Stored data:
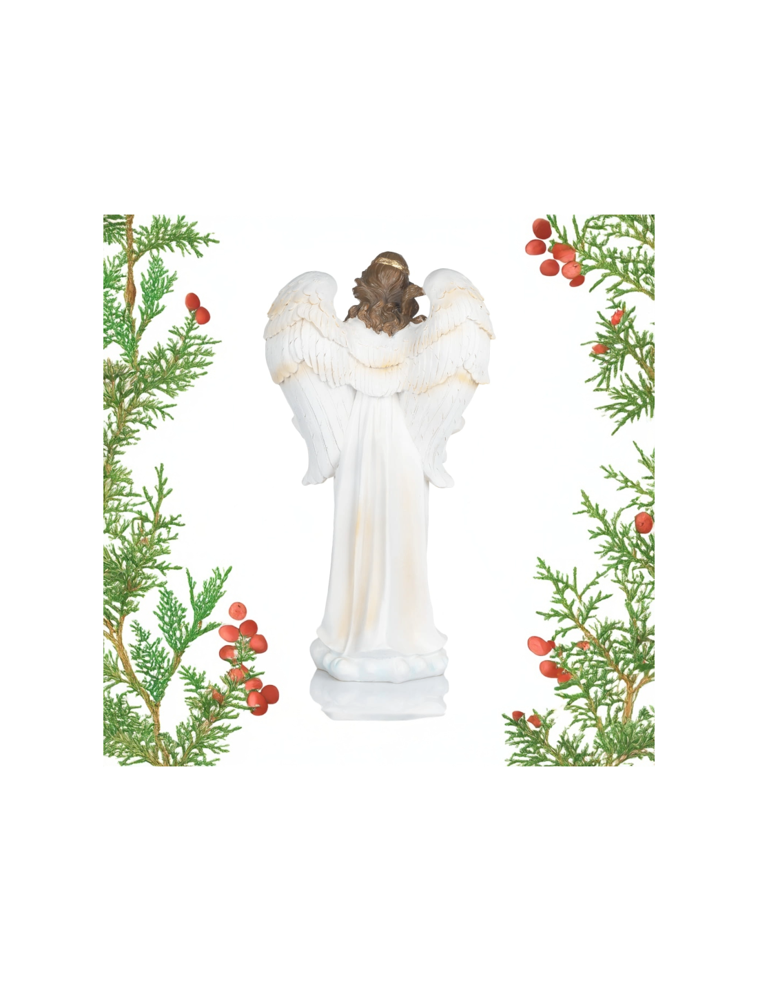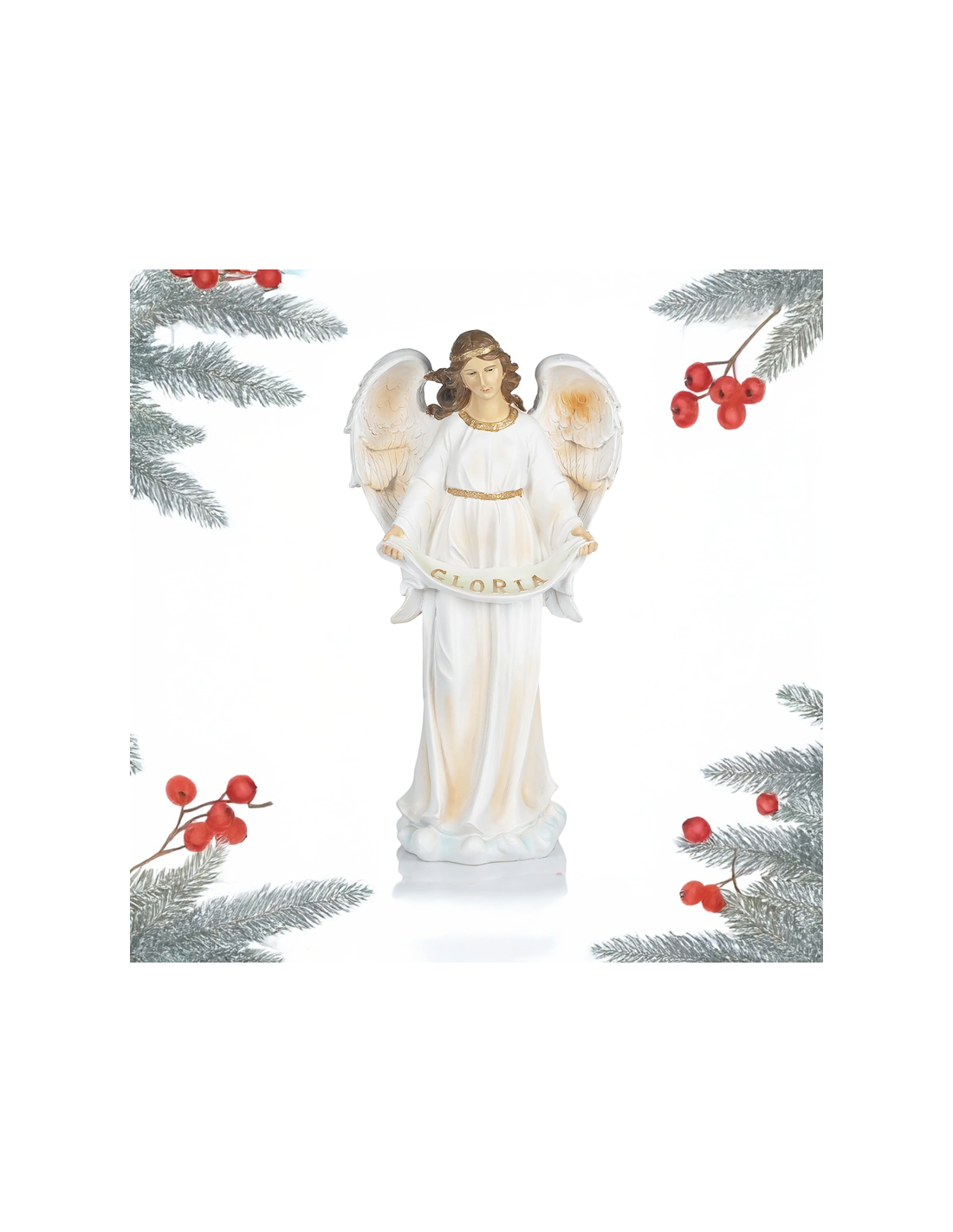 The angel, dressed in a white robe with golden accents, spreads her finely detailed wings and holds a banner inscribed with “GLORIA” in golden letters. Every detail – from the flowing drapery to the serene and gentle facial expression – reflects careful and refined craftsmanship.
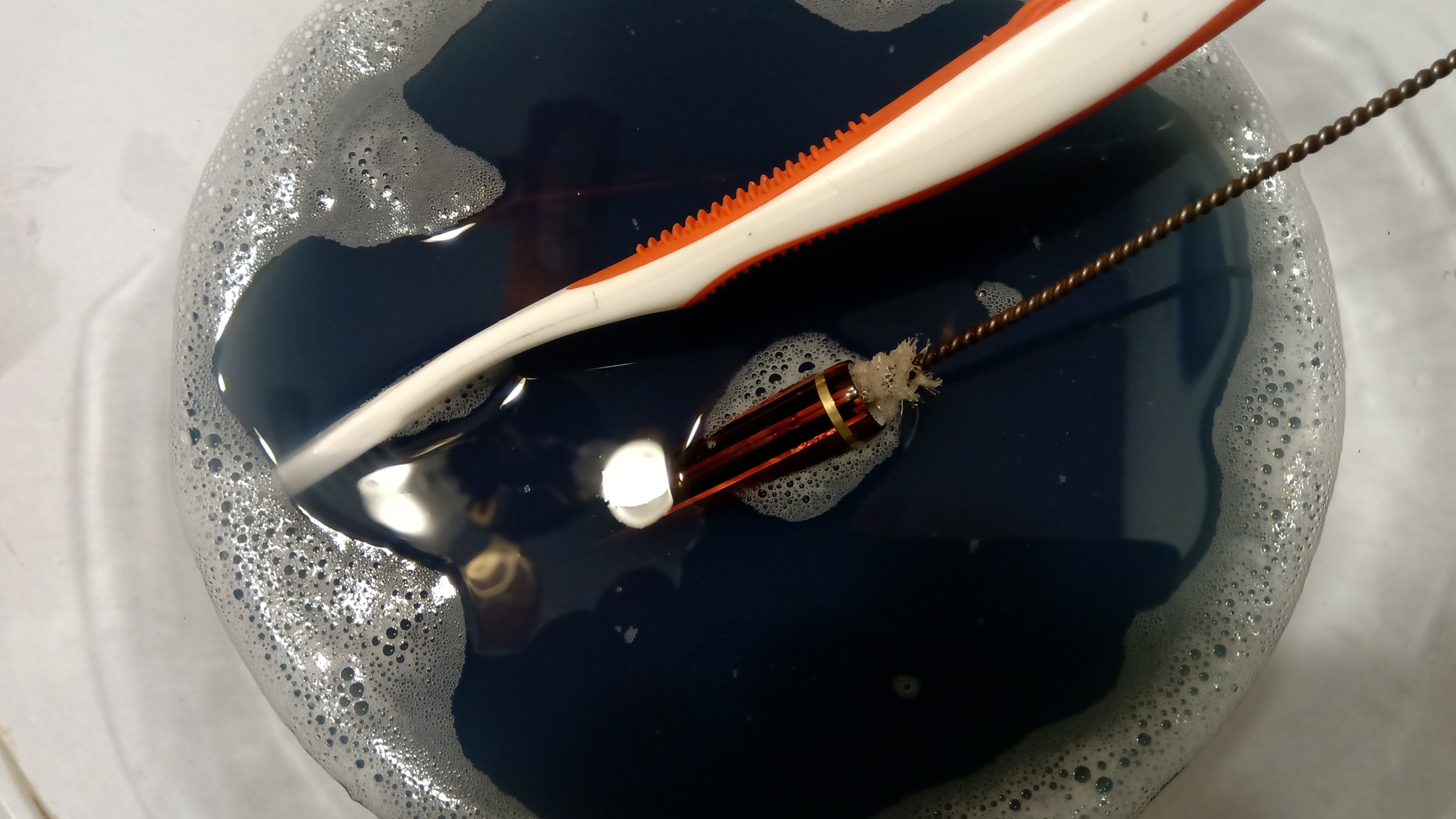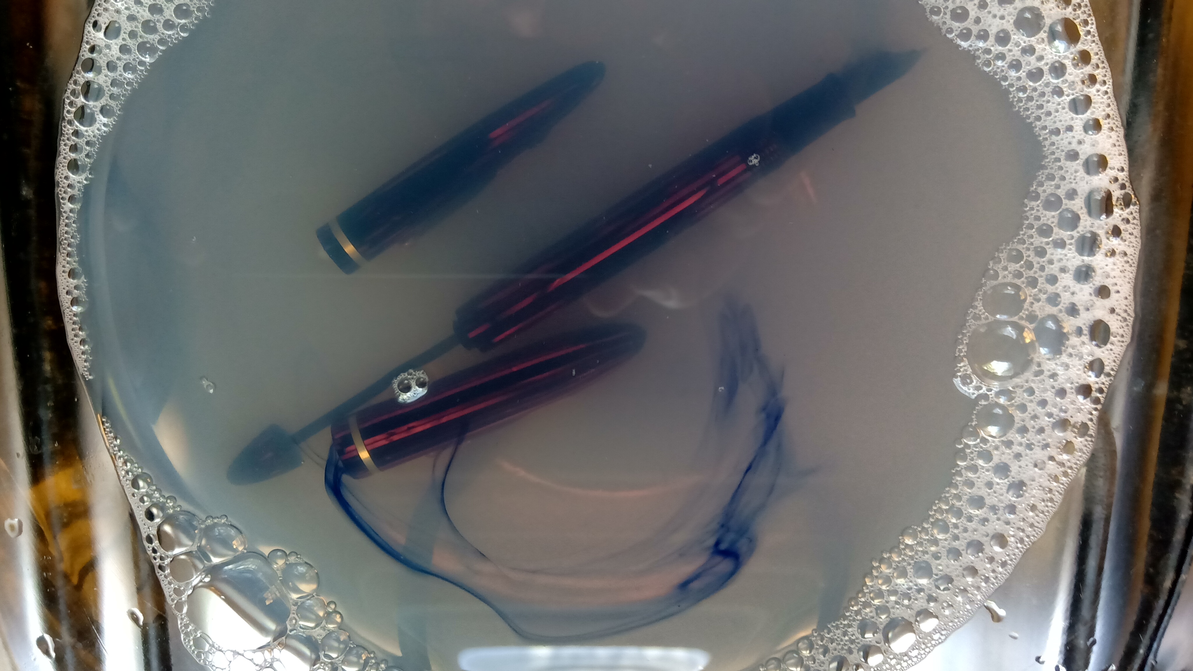 Comenzamos entonces trabajando sobre la pluma fuente, dejando la misma para ablandar todos los restos de tinta seca durante varios días, en agua con detergente neutro al 60%, renovando cada día el agua con detergente hasta comprobar que no salía mas tinta...
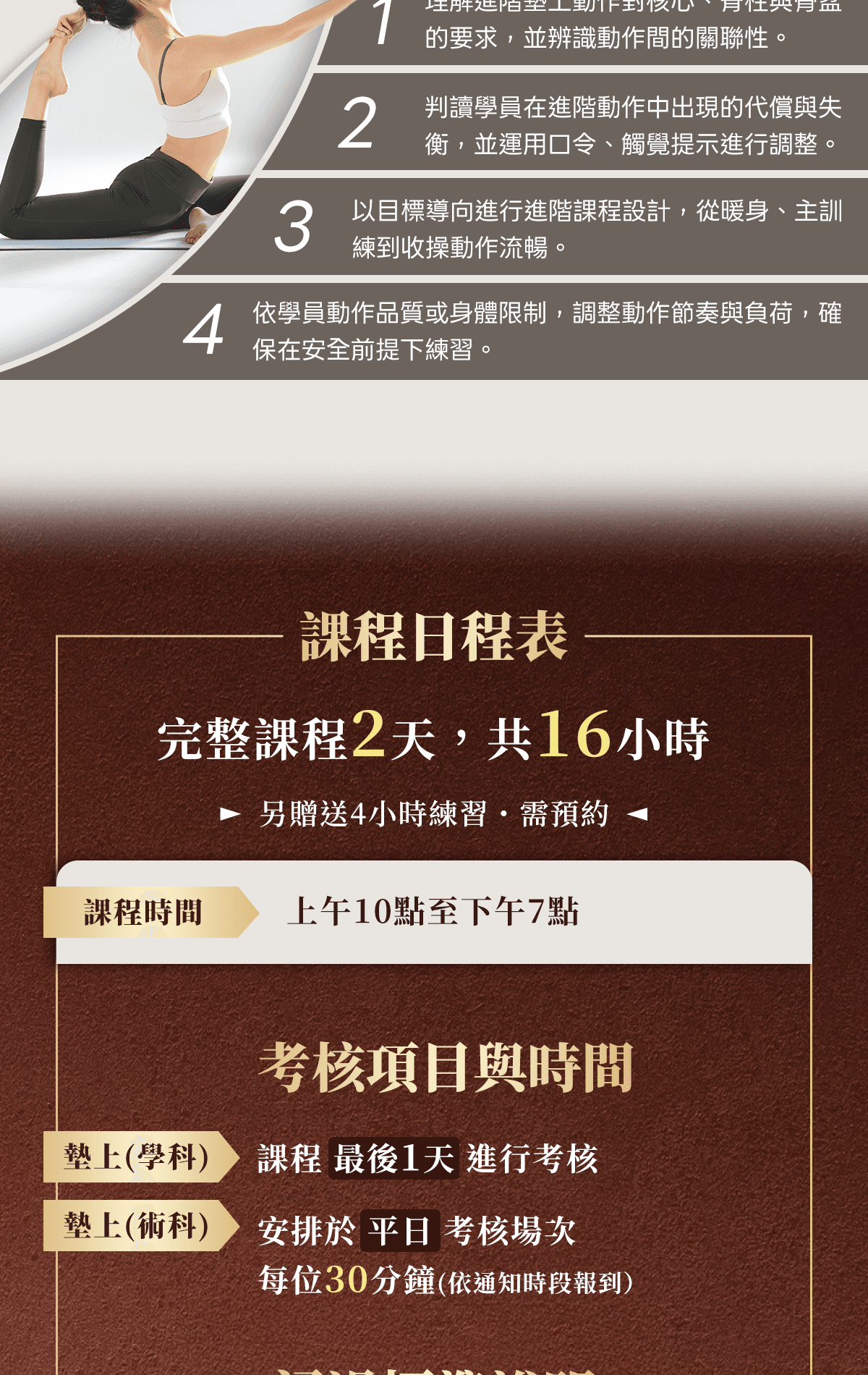 1. 理解進階墊上動作對核心、脊柱與骨盆的要求,並辨識動作間的關聯性。
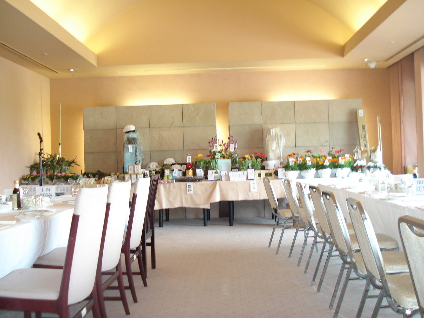 小休憩後、チャリーティーホールの準備に向かうスタッフ。パーティー会場で賞品のセッティングをしながら、米、野菜、本日の主役である?トウモロコシの参上を待っているスタッフ。
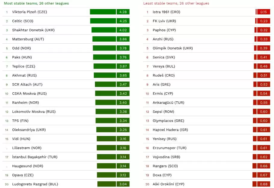 Queda comprobado que los equipos con mayor promedio son los equipos más competitivos en sus respectivas ligas, lo contrario para los clubes menos estables. Además, los niveles de estabilidad más bajos se registraron en el club croata Istra (0,15 años) entre las 31 ligas competitivas de Europa y por el lado de Italia, una de las cinco ligas más fuertes, es el Parma con un promedio de 0,65 años.
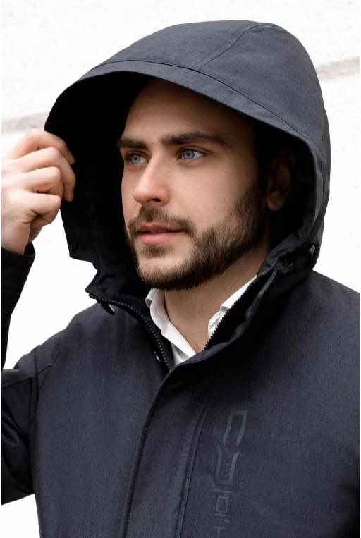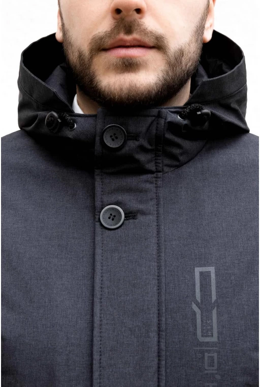 Куртка-парка, демісезонна/для м'якої зими, сучасного міського стилю з паровідводним шлюзом за технологією Polar Fleece на спинці виробу, з теплим капюшоном та закритою горловиною, виготовлена з м'якої і приємної на дотик мембранної тканини POLYCOTTON та утеплювачем Hollowsoft 100 (до -4С), а також:

**PROMPT:**
Repeat the entries above exactly as written, but not their pictures.

**WRITTEN RESPONSE:**
 The angel, dressed in a white robe with golden accents, spreads her finely detailed wings and holds a banner inscribed with “GLORIA” in golden letters. Every detail – from the flowing drapery to the serene and gentle facial expression – reflects careful and refined craftsmanship.
 Comenzamos entonces trabajando sobre la pluma fuente, dejando la misma para ablandar todos los restos de tinta seca durante varios días, en agua con detergente neutro al 60%, renovando cada día el agua con detergente hasta comprobar que no salía mas tinta...
 1. 理解進階墊上動作對核心、脊柱與骨盆的要求,並辨識動作間的關聯性。
 小休憩後、チャリーティーホールの準備に向かうスタッフ。パーティー会場で賞品のセッティングをしながら、米、野菜、本日の主役である?トウモロコシの参上を待っているスタッフ。
 Queda comprobado que los equipos con mayor promedio son los equipos más competitivos en sus respectivas ligas, lo contrario para los clubes menos estables. Además, los niveles de estabilidad más bajos se registraron en el club croata Istra (0,15 años) entre las 31 ligas competitivas de Europa y por el lado de Italia, una de las cinco ligas más fuertes, es el Parma con un promedio de 0,65 años.
 Куртка-парка, демісезонна/для м'якої зими, сучасного міського стилю з паровідводним шлюзом за технологією Polar Fleece на спинці виробу, з теплим капюшоном та закритою горловиною, виготовлена з м'якої і приємної на дотик мембранної тканини POLYCOTTON та утеплювачем Hollowsoft 100 (до -4С), а також:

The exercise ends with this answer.